БРУТ. Коль часто для провождения времени будет Цезарь кровью обагряться! Цезарь, лежащий теперь у ног статуи Помпеевой, так же ничтожен, как и малейшая пылинка!
КАССИЙ. В таком случае всегда будут именовать нас мужами, возвратившими вольность отечеству своему.
ДЕЦИЙ. Пора идти.
КАССИЙ. Пойдем все вместе. Брут будет нами предводительствовать, а мы со смелейшими и храбрейшими римлянами ему последуем.
(Приходит служитель.)
БРУТ. Тише! кто пришел? Друг Антония.
СЛУЖИТЕЛЬ.
(Становясь на колена.)
Так, Брут, поведал мне стать пред тобою господин мой; так Марк Антоний приказал мне повергнуться, и так наставлял он меня, упав во прахе, сказать тебе: Брут честен, мудр, храбр и добродетелен; Цезарь был силен, смел, величествен и любезен: я люблю Брута и почитаю его; я страшился Цезаря, почитал и любил его. Если Брут хочет обещать Антонию безопасность, дабы он к нему придти и услышать мог, чем Цезарь смерть заслужил: то Марк Антоний не будет так горячо любить мертвого Цезаря, как живого Брута, и счастию и стороне благодушного Брута последует чрез все опасности теперешних смутных обстоятельств с чистосердечною ревностью. — Так говорит Антоний, господин мой.

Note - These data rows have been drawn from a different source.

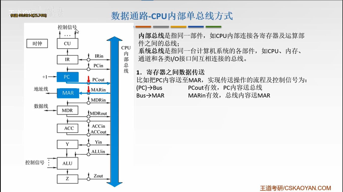 (MAR)→主存 C1有效 MAR将地址送到主存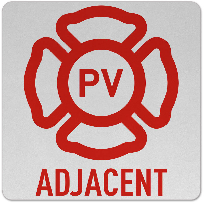 To comply with the new State of NJ rule for "Identifying emblems for structures with solar panels", the sign is larger than 6" to accommodate the 1/2" (13mm) stroke as well as the 1.25" (32mm) text size requirements for Adjacent.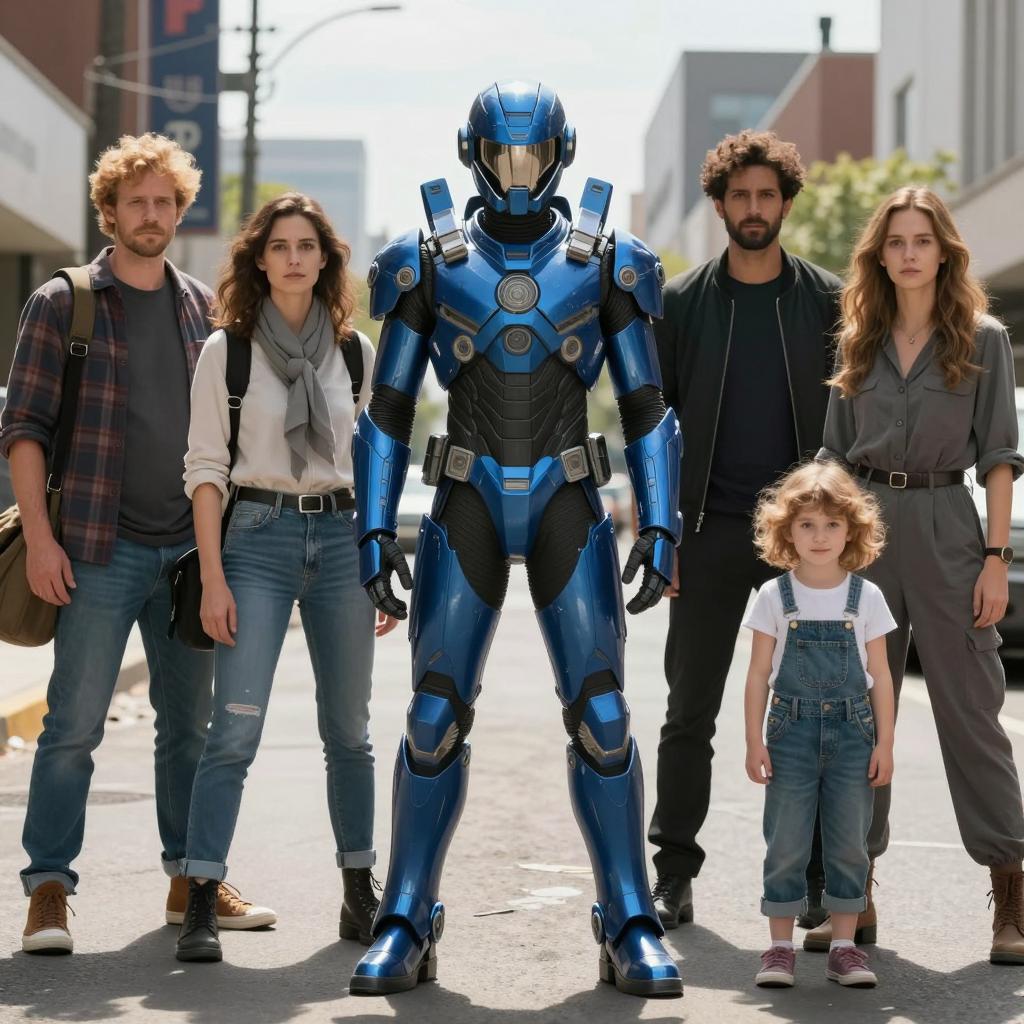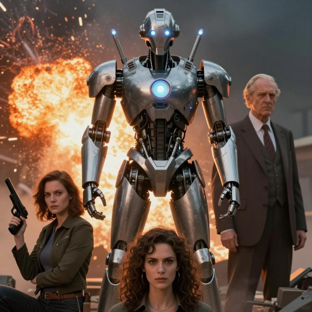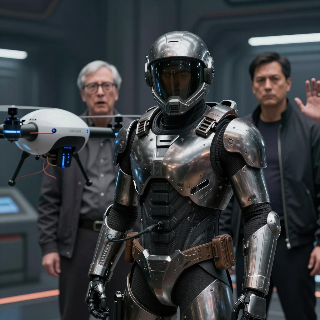 Science fiction scene. Metal-clad soldier in front, helmet with visor down. Robotic drone on left, wires connected. Older man with glasses in background, shocked expression. Another man in black jacket, hand raised, serious expression. Dark, futuristic setting.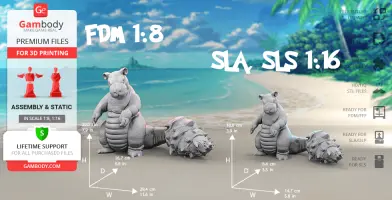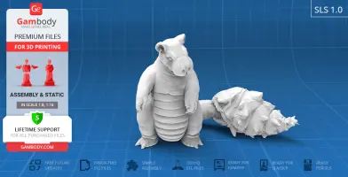 - STL files of Slowbro 3D printing model which consist of 22 parts;- 4 versions of files for this model for FFF/FDM, DLP/SLA, DLP/SLA Eco and SLS;- High-poly detailed figurine of Slowbro;- Detailed settings that we provide as a recommendation for Cura , Simplify3D and Slic3r for the best print;- Full technical support from the Gambody Support Team.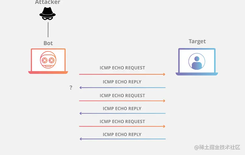 3、ICMP洪水攻击:网络控制消息协议(ICMP)是TCP/IP协议级当中核心之一,用于在网络中发送控制消息,提供可能发生在通信环境中的各种问题反馈。 因特网组管理协议(IGMP)是用于管理因特网协议多播组成员的一种通信协议。攻击者使用受控主机向目标发送大量的ICMP或IGMP报文,进行洪水攻击以消耗目标的网络带宽资源。在早期使用cmd中的ping命令就可以ping目标主机发送大量的ICMP数据包,当数据包的大小超过了目标网络带宽的极限(当时都是百兆网卡)时候,就会造成目标的网络卡顿(ping素有死亡之ping的雅称);当然这种攻击已经几乎无效,因为目标可以直接过滤掉无效的数据包,使之攻击无效。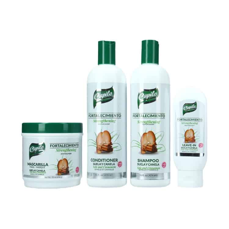 Línea Suela y Canela Capilo. Esta línea capilar está formulada con extractos naturales de suela y canela, conocidos por sus propiedades fortalecedoras y estimulantes de la circulación del cuero cabelludo. La combinación de estos ingredientes ayuda a apretar la hebra capilar, controlar la caída del cabello y promover un crecimiento saludable. Además, deja el cabello suave, brillante y con volumen.

БРУТ. Господин твой умный и храбрый римлянин; никогда не думал я о нем иначе. Скажи, что если угодно ему придти сюда, то он будет удовольствован и, уверяю моею честию, безвредно отсюда выйдет.
СЛУЖИТЕЛЬ. Я сей час позову его сюда.
(Уходит.)
БРУТ. Я знаю, что он будет нашим другом.
КАССИЙ. Я желаю сего; но сердце мое весьма его страшится, и предчувствие мое в сем случае не совсем не у места.
(Антоний приходит.)
БРУТ. Вот Антоний идет. — Здравствуй, Марк Антоний!
АНТОНИЙ. О могущественный Цезарь! ты ли так лежишь здесь? Разве все твои славные победы, завоевания, триумфы и трофеи сжаты в сем тесном месте? — Прости, дражайший Цезарь! — Я не знаю, римляне, что вы еще предпринять хотите: кто должен еще плавать в крови своей, кто вам еще опасен кажется. Если и сам я назначен в жертву ярости вашей, то никакой час не может быть к сему удобнее часа смерти Цезаревой и никакое орудие сего достойнее мечей ваших, сделавшихся драгоценными благороднейшей кровью целого мира. — Если я противен вам, то прошу вас, да теперь же, доколе еще пурпуровые руки ваши дымятся и пар испускают, свершите волю вашу. Никакое для сего место не может быть мне приятнее того, где Цезарь пал; и никакие орудия смерти не будут мною благословляемы, как вы, избраннейшие могущественнейшие души времен настоящих.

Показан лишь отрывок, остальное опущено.